Even under the ICIS base-case China demand growth of 6%, we are forecasting a global operating rate of 79% this year and capacity greater than demand by 21m tonnes. This compares with an average annual global operating rate of 87% between 2000 and 2022. Annual average capacity surplus to demand was at 8m tonnes in 2000-2022.

A 2% decline in China growth would leave the market 2.8m tonnes smaller than our base case. This would in turn increase capacity surplus to demand – assuming, of course, that all the new plants come on-stream on schedule – to 24m tonnes. The global operating rate would slip to 78%.

The worst-case outcome, minus 5% growth, would leave demand 3.8m tonnes lower than our base and push surplus capacity to 25m tonnes. The global operating rate would slip to 76%.

Note that the two downside scenarios leave growth elsewhere in the world unchanged from the ICIS base case. This is unrealistic, I am afraid, given the importance of the Chinese economy to the rest of the world. Lower growth elsewhere would be inevitable.

Conclusion: Workshops and scenarios

As even our base case chart for PP shows (and it is a very similar story in PE), PP faces an historically difficult year, the worst since at least 2000.

This reflects the polycrisis we confront involving events in China, high levels of global inflation and the end of the benign geopolitical era that followed the collapse of the Berlin Wall. When you add growing sustainability pressures, the chemicals industry has probably never before faced such a difficult and uncertain operating environment.

So, what should you do? The answer is to get your teams together in “demand and supply” workshops to plan and constantly re-plan for 2023. And you must build deep and constantly revised scenarios for China and all the other markets.

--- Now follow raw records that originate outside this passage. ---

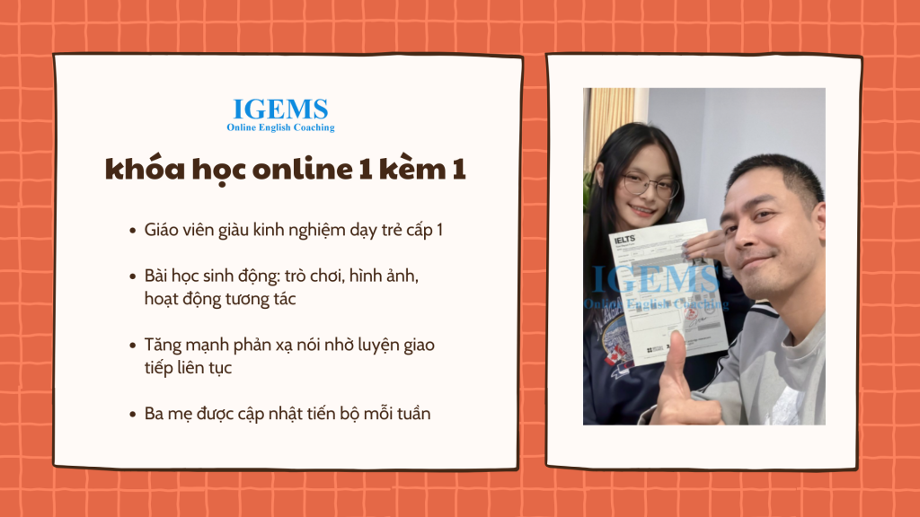 Nếu ba mẹ đang tìm một chương trình học tiếng anh online lớp 3 giúp con tiến bộ nhanh – tự tin nói – nắm chắc nền tảng, khóa học tiếng Anh online 1 kèm 1 của IGEMS có thể là lựa chọn phù hợp.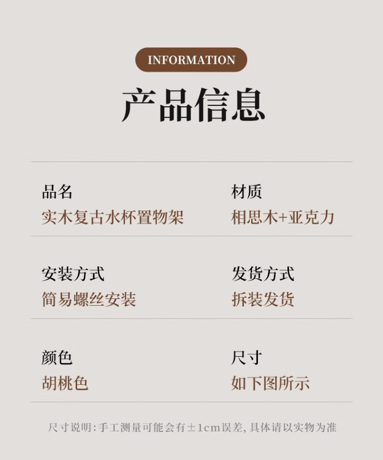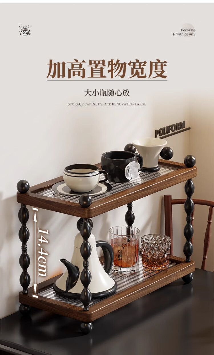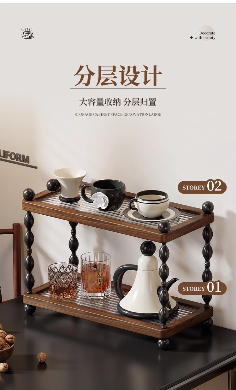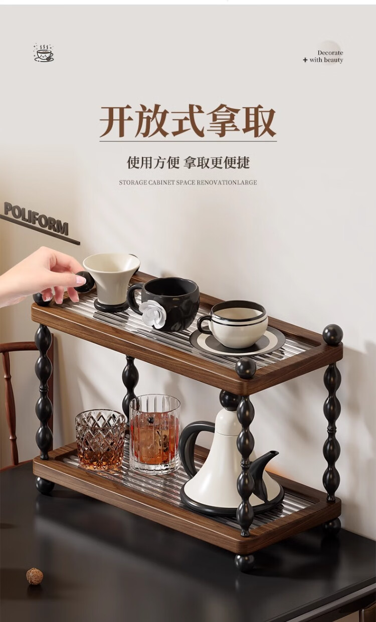尔思家杯子收纳架厨房柜子分层置物架茶杯架咖啡杯整理架家用杯架沥水架 胡桃色大号【进口实木】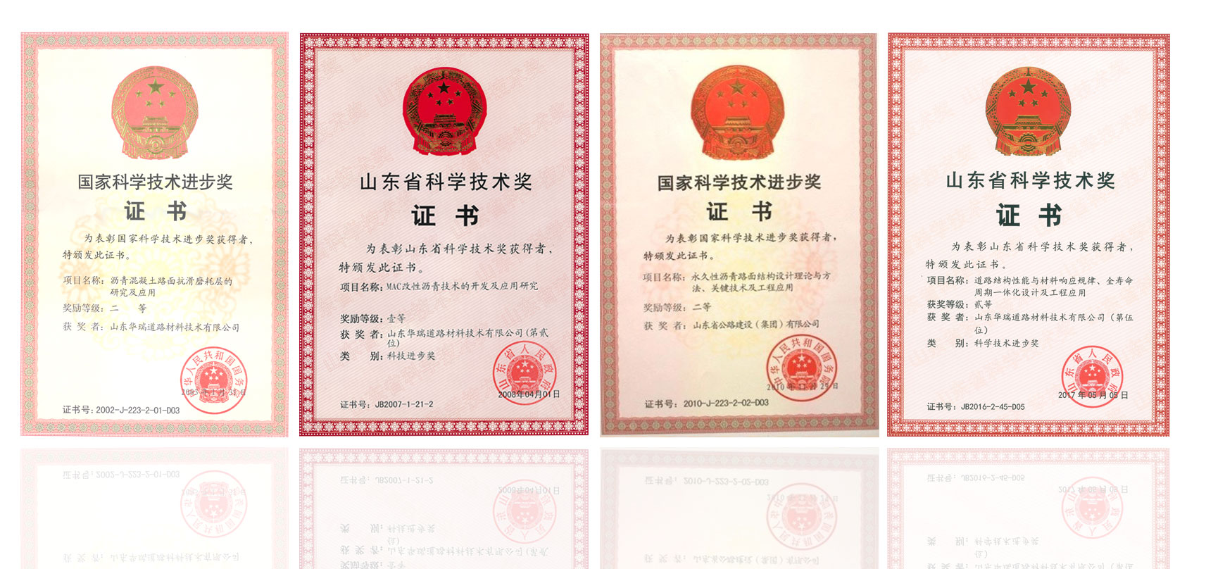 2、與山東省交通廳公路局合作完成的《MAC改性瀝青技術(shù)的開發(fā)與應(yīng)用研究》課題獲得2007年度山東省科技進(jìn)步一等獎。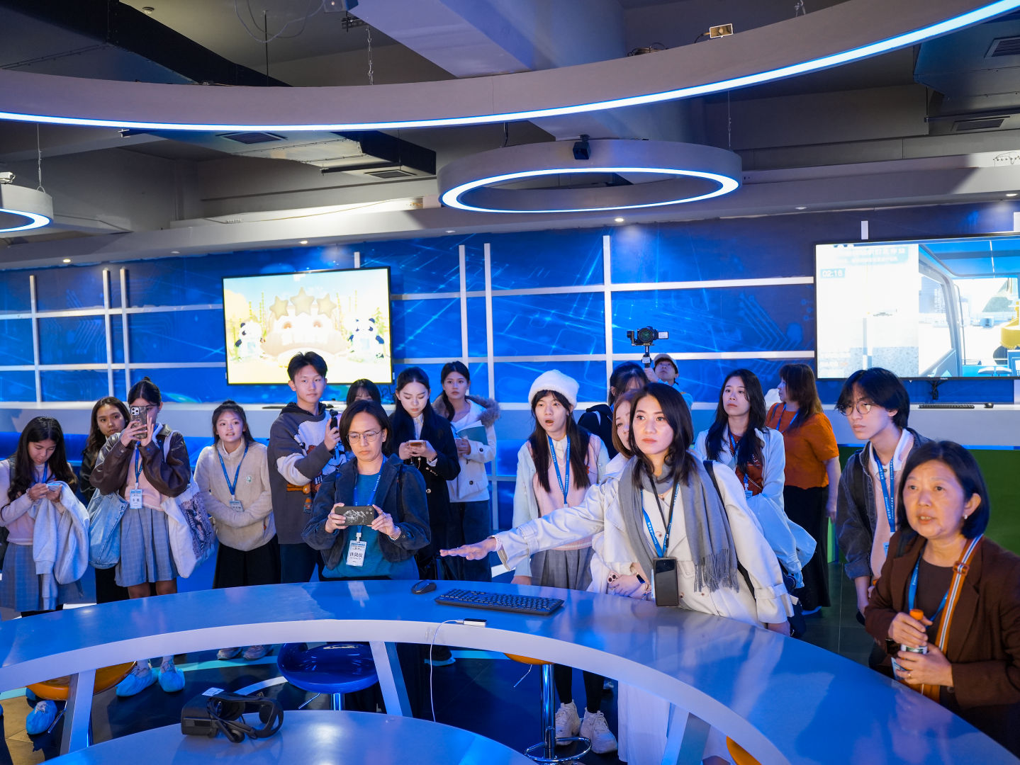 开班仪式结束后,研修班一行参观了全媒体实训室、新媒体技术学院、影视艺术学院,实地体验了虚拟演播系统、全息投影等教学实践设备,观摩了AIGC内容生成、智能剪辑辅助、虚拟数字人制作等AI技术在教学中的实践成果。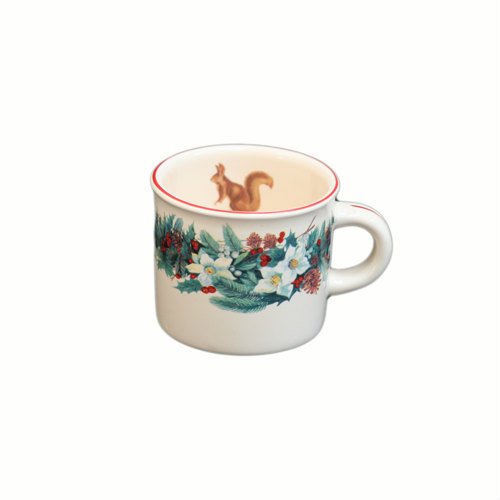 MINI MUG NOËL FAÏENCE NIDERVILLER, Faïenceries de Lunéville et Niderviller, Manufactures fondées en 1735, Mini Mug Roses des Neiges. Guirlande de pins et fleurs, toutes les senteurs de Noel au rendez-vous. Mug roses des neiges en faïence de Niderviller, Mug en faïence décoration hivernale, Mug en faïence motif houx.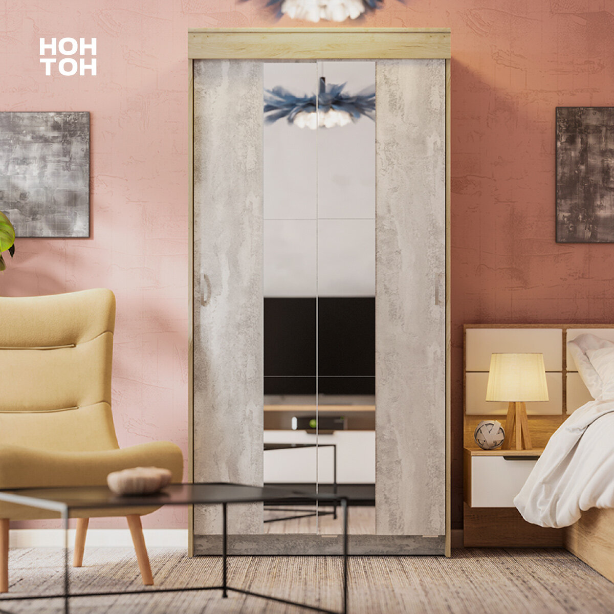 Отзывы на Шкаф-купе для одежды Нонтон Бассо, 2 зеркала, дуб крафт серый / бетонный камень 100 см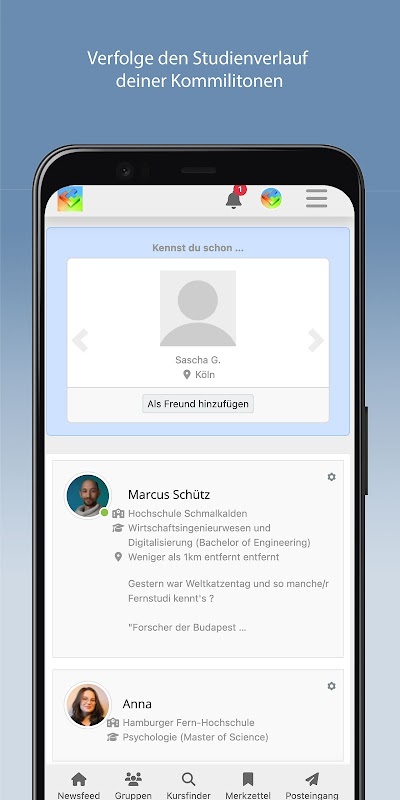L'application convient à tous les étudiants à distance (comme la FernUni Hagen, la SRH-Fernhochschule, l'IU Internationale Hochschule ou la PFH Göttingen) et à tous les étudiants à distance, par exemple à l'Institute for Learning Systems (ILS), à la Communauté d'études de Darmstadt (SGD) ou étudiez à l'institut d'études IST.
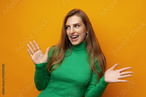 Young pretty surprised smiling woman standing with open palms on yellow background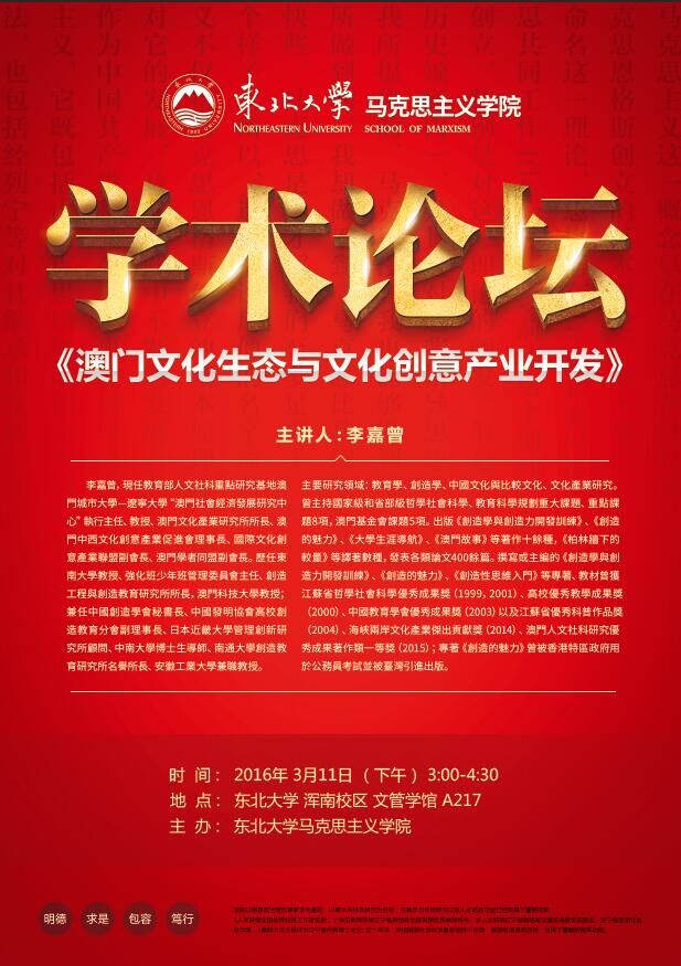 学术论坛:澳门文化生态与文化创意产业开发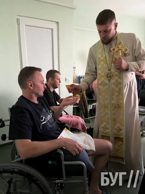 Зустріч пройшла в теплій душевній атмосфері. Волонтери та священник поспілкувалися з пораненими воїнами, подякували за захист нашої держави, привітали зі Світлим Христовим Воскресінням та побажали їм міцного здоров’я, сил, терпіння та наснаги у подоланні всіх труднощів та випробувань, а ще, щоб над їхніми головами було мирне небо, на душі – спокій, поряд – рідні та друзі, душі іскрилися вірою, помисли – добром, а серця – любов’ю.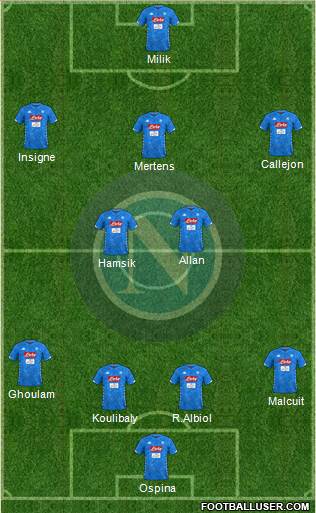 Meret · Koulibaly · Manolas · Malcuit · Mario Rui · Fabian · Allan · James · Lozano · Insigne · Milik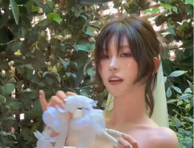 공개된 영상 속 최준희는 오프숄더 웨딩드레스에 연한 초록빛 베일과 초록색 스타킹을 매치하는 파격적인 스타일링으로 개성을 드러냈다. 전문 모델 못지않은 포즈와 올림 머리 스타일링으로 예비 신부의 행복한 에너지를 전달했다.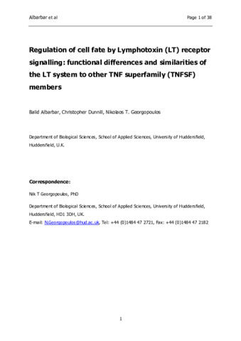 ALBARBAR, Balid, DUNNILL, Christopher and GEORGOPOULOS, Nik (2015). Regulation of cell fate by lymphotoxin (LT) receptor signalling: Functional differences and similarities of the LT system to other TNF superfamily (TNFSF) members. Cytokine & growth factor reviews, 26 (6), 659-671. [Article]
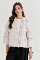 Куртка полуприлегающего силуэта на молнии, закрытой декоративной планкой на кнопках. Оригинальная отстрочка, декоративная пряжка, карманы на молнии. Капюшон отстегивается. Утеплитель холкон (см.описание) (см.описание), плотность 150. Длина изделия по спинке 66 см, длина рукава 64 см.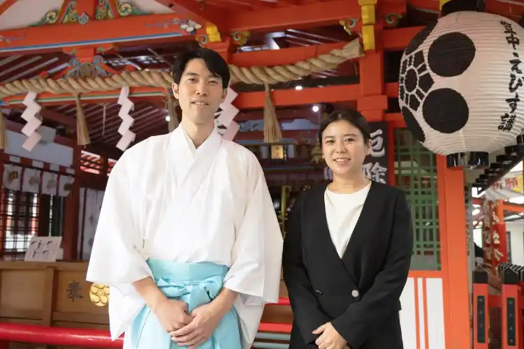 (左)服部天神宮の加藤さま、(右)企画担当 中村 |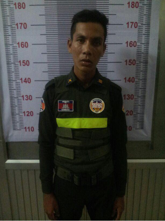 មន្រ្តីអាវុធហត្ថ ខេត្តកណ្តាល បានអោយដឹងថា ជនសង្ស័យរូបនេះ ត្រូវបានចាប់ខ្លួន កាលពីយប់ថ្ងៃទី២៣ ខែកក្កដា ឆ្នាំ២០១៥ ក្រោយពិនិត្យ និងធ្វើការឆែកឆេទៅ ពុំមានលិខិតស្នាម បញ្ជាក់ថា ខ្លួនជាមន្រ្តីអាវុធហត្ថ នោះទេ ។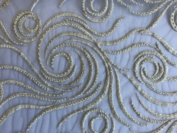 Ivory beaded floral bridal lace flower very soft hand feel, available in just 1 color it is available with standard quality at IceFabrics you can shop fast online. It is accessible all over the world you can order any time because 24 hours service we are offering for the buyer’s accessibility.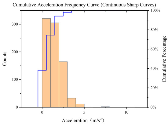 Cumulative frequency curve of acceleration for continuous sharp curve highway dataset.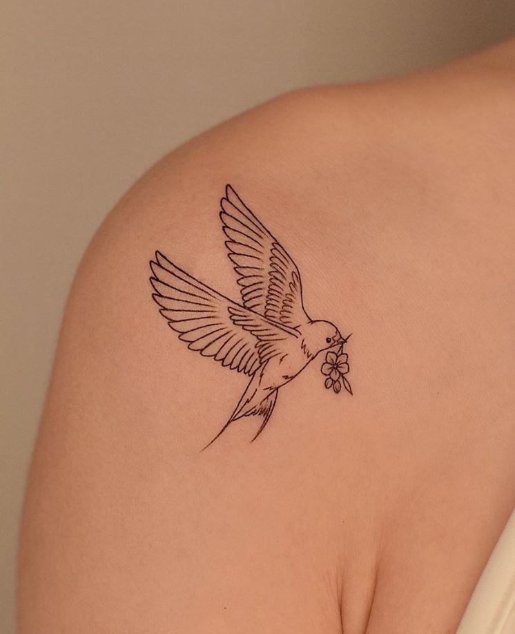 This shoulder tattoo has a soft, hopeful beauty to it. The bird’s open wings and tiny flower in its beak create a peaceful message without needing any text at all. It feels romantic, spiritual, and clean — the kind of design that can mean freedom, love, remembrance, or simply a gentler chapter ahead. The linework is delicate but confident, making it one of those fine-line tattoo ideas that look graceful from every angle.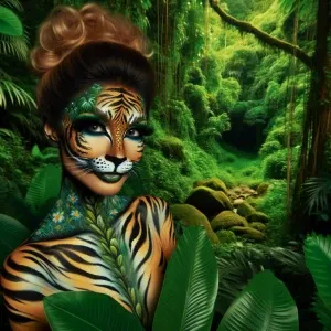 «Hollywood make-up, a woman painted to look like a tiger , full-...»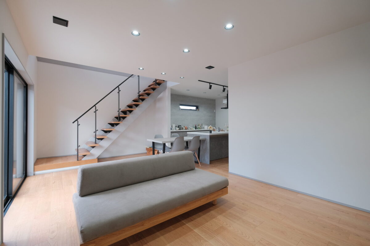 20帖の広々LDKでは家族でゆったりくつろげます。 さらに、階段の上部吹き抜けがより開放感を感じさせてくれます。

As I’ve discussed before and as the chart below reminds us:

Making the right decisions week-by-week on sales targets for different countries and regions will make all the difference.

You can successfully take advantage of the mini troughs and dips on the left-hand side of the above V if you, say, accurately assess that the Turkey market will be stronger than the India market in March.

And this must be underpinned by constantly updated views on China.